In this section, we'll set up the Kedro nodes and add Neptune logging to the code.

  1. To log the model training parameters to Neptune automatically, define them in the conf/base/parameters.yml file:

    parameters.yml
    # Random forest parameters
    rf_max_depth: 3
    rf_max_features: 3
    rf_n_estimators: 25
    
    parameters.yml
    train_fraction: 0.8
    random_state: 3
    target_column: species
    
    # Random forest parameters
    rf_max_depth: 2
    rf_max_features: 4
    rf_n_estimators: 25
    
    # MLP parameters
    mlp_alpha: 0.01
    mlp_max_iter: 50
    
  2. To log the training datasets to Neptune automatically, define them in conf/base/catalog.yml or other catalog files:

    catalog.yml
    example_iris_data:
        type: pandas.CSVDataSet
        filepath: data/01_raw/iris.csv
    
    catalog.yml
    # Here you can define all your data sets by using simple YAML syntax.
    #
    # Documentation for this file format can be found in "The Data Catalog"
    # Link: https://kedro.readthedocs.io/en/stable/data/data_catalog.html
    #
    # We support interacting with a variety of data stores including local file systems, cloud, network and HDFS
    #
    # An example data set definition can look as follows:
    #
    #bikes:
    #  type: pandas.CSVDataSet
    #  filepath: "data/01_raw/bikes.csv"
    #
    #weather:
    #  type: spark.SparkDataSet
    #  filepath: s3a://your_bucket/data/01_raw/weather*
    #  file_format: csv
    #  credentials: dev_s3
    #  load_args:
    #    header: True
    #    inferSchema: True
    #  save_args:
    #    sep: '|'
    #    header: True
    #
    #scooters:
    #  type: pandas.SQLTableDataSet
    #  credentials: scooters_credentials
    #  table_name: scooters
    #  load_args:
    #    index_col: ['name']
    #    columns: ['name', 'gear']
    #  save_args:
    #    if_exists: 'replace'
    #    # if_exists: 'fail'
    #    # if_exists: 'append'
    #
    # The Data Catalog supports being able to reference the same file using two different DataSet implementations
    # (transcoding), templating and a way to reuse arguments that are frequently repeated.
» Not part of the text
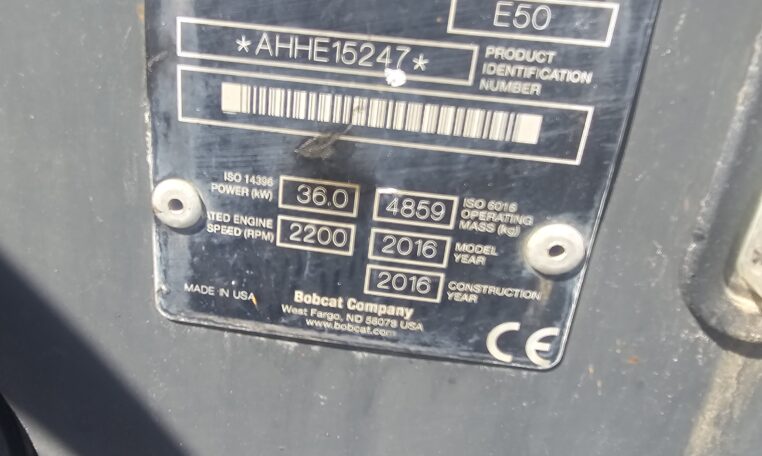 BOBCAT E 50 ΜΟΝΤΕΛΟ 2016 3451 ΩΡΕΣ ΕΓΚΑΤΑΣΤΑΣΗ ΣΦΥΡΑΣ ΕΓΚΑΤΑΣΤΑΣΗ ΑΧΟΙΒΑΔΑΣ ΠΟΔΑΡΙΚΑ 70% CE 2 ΚΟΥΒΑΔΕΣ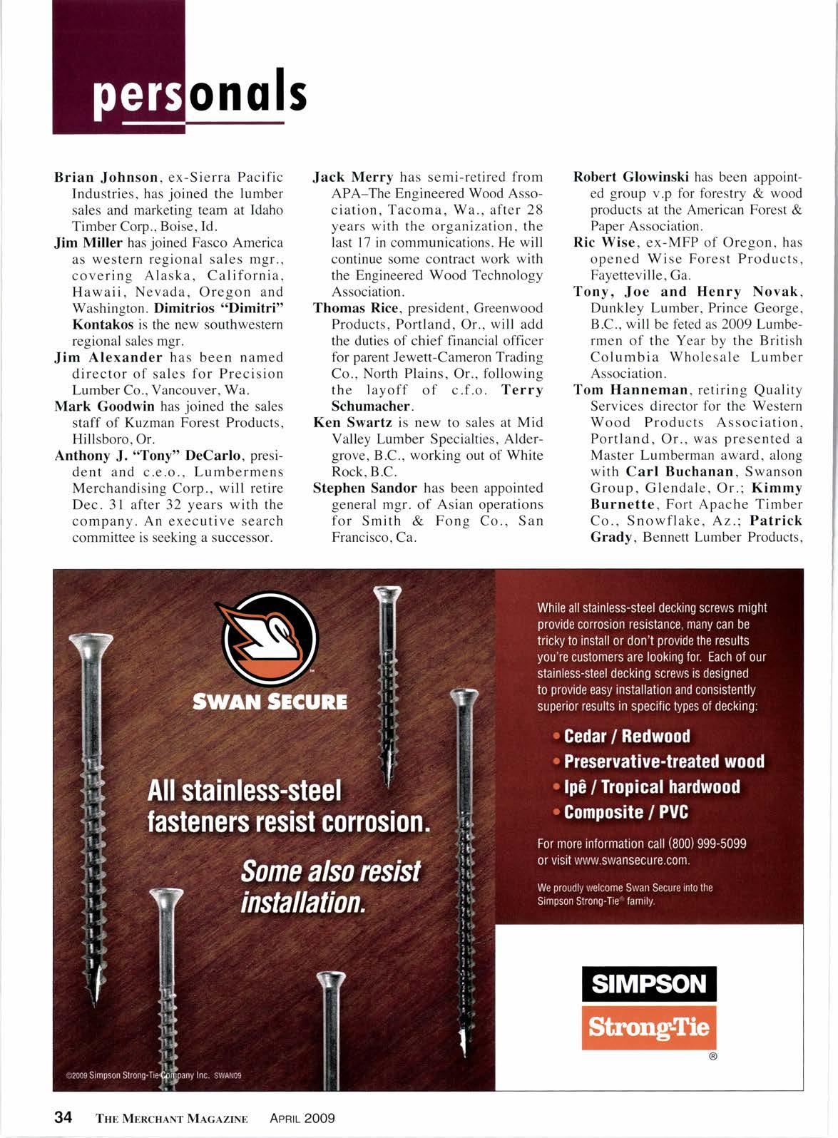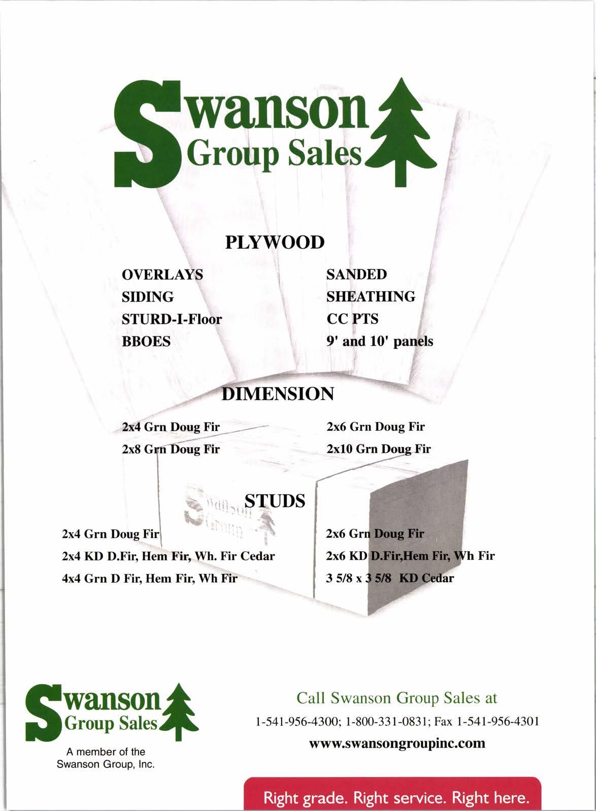 Swanson Group Sales [wwwswansongroupinc.com] ........Cover III

See more here:
    # https://kedro.readthedocs.io/en/stable/data/data_catalog.html
    #
    # This is a data set used by the "Hello World" example pipeline provided with the project
    # template. Please feel free to remove it once you remove the example pipeline.
    
    example_iris_data:
    type: pandas.CSVDataSet
    filepath: data/01_raw/iris.csv
    
    rf_model:
    type: kedro.extras.datasets.pickle.PickleDataSet
    filepath: data/06_models/rf_model.pkl
    
    mlp_model:
    type: kedro.extras.datasets.pickle.PickleDataSet
    filepath: data/06_models/mlp_model.pkl
    
    predictions:
    type: kedro.extras.datasets.json.JSONDataSet
    filepath: data/07_model_output/predictions.json
    
    predictions@neptune:
    type: kedro_neptune.NeptuneFileDataSet
    filepath: data/07_model_output/predictions.json
    
  3. Create a model training node in the src/KEDRO_PROJECT/nodes.py file.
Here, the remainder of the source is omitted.